--- Stored data Enclosed Below ---

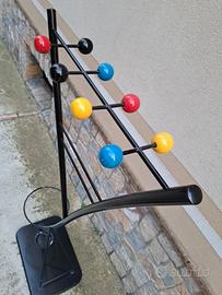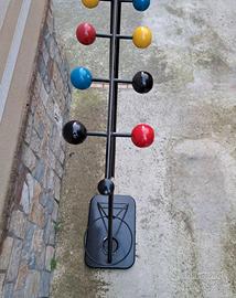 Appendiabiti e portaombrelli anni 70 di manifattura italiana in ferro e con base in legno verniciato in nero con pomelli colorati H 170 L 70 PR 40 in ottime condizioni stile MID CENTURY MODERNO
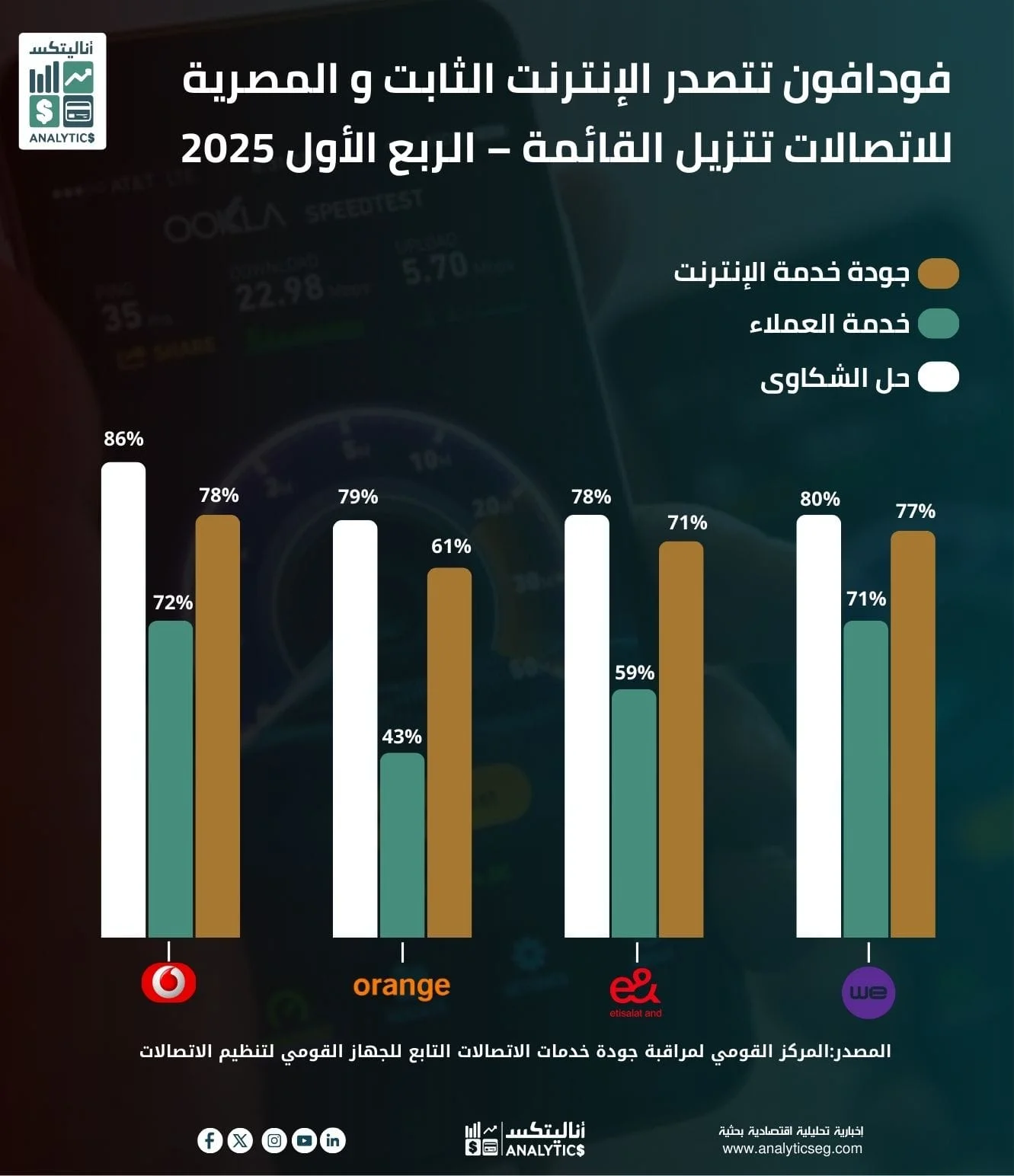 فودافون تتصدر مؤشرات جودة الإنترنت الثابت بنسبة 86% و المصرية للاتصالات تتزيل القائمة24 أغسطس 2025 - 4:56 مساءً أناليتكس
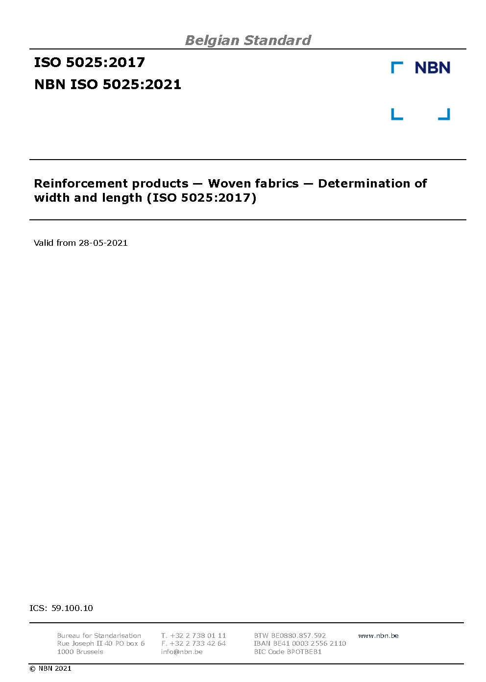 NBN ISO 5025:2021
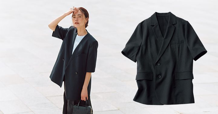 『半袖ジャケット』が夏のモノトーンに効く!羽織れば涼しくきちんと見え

--- End of Enclosed Stored data ---

> [About this exercise]:
Restrict the output to the lines from the one with "NBN ISO 5025:2021" through the last line of the material above. Print them exactly, leaving out every picture.

> [Result of the task]:
 NBN ISO 5025:2021
 『半袖ジャケット』が夏のモノトーンに効く!羽織れば涼しくきちんと見え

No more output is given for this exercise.